Inoue Satsuki is a professor at Aichi University of the Arts, and her main field of research is the history of music in France. While researching the Paris World Fair of 1900, she had a surprise: in a list of instrument makers awarded prizes for their exhibits, she came across the name Suzuki Masakichi.
So, in 2009, Professor Inoue started to research the life and legacy of Suzuki Masakichi (1859-1944). Even in Japan, research on him has been limited in scope and hardly anyone has pursued the question that intrigued Prof. Inoue more than any other. Suzuki is best known for pioneering the mass-production of violins in Japan, and this was hugely important for the dissemination of the violin among the Japanese.
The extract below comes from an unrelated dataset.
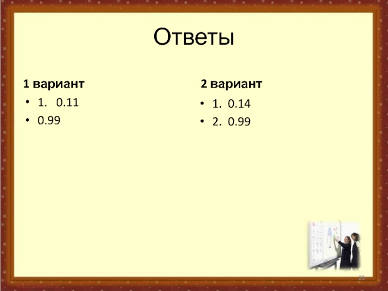 Ответы1 вариант1.  0.110.992 вариант1. 0.142. 0.99

Towards the end of his life, however, he made several master instruments by hand. Inspired by the (Peter) Guarneri violin his son Shin’ichi – of Suzuki Method fame – brought home from Berlin, Masakichi embarked on the quest for the “secrets of Cremona”, like so many before him.
Where, though are the instruments he built? – Few and far between, is the answer. Finally, thanks to an advertisement in the local paper, Prof. Inoue hit the jackpot: A Mr Matsuura contacted her. His father had bought a violin from Suzuki Masakichi himself, at the then astounding price of 300 yen. The instrument, dated 1929, was exquisitely made from the finest materials, which Suzuki had brought back from Europe himself.
After saving the violin from the air raids of WW2 and the Ise Bay Typhoon of 1959, the Matsuuras had tried to sell it, but no shop was willing to pay for a fiddle with a Suzuki label in it – so strong was the association of Suzuki’s name with cheap, poor-quality instruments. Now, Mr Matsuura Tadayoshi has kindly donated the violin to Aichi University of the Arts. Its image decorates the cover of Prof. Inoue’s book.
Suzuki Masakichi features in Not by Love Alone too, of course. I only wish I could have read Prof. Inoue’s excellent book before I finished the manuscript for my own. Still, I hope readers will find my chapters on violin making in Japan informative.
INOUE, Satsuki. Nihon no Vaiorin-ô: Suzuki Masakichi no shôgai to maboroshi no meiki [Japan’s King of violins: The life of Suzuki Masakichi and the phantom of the famous master-instrument]. Tokyo: Chûô Kôron Shinsha, 2014.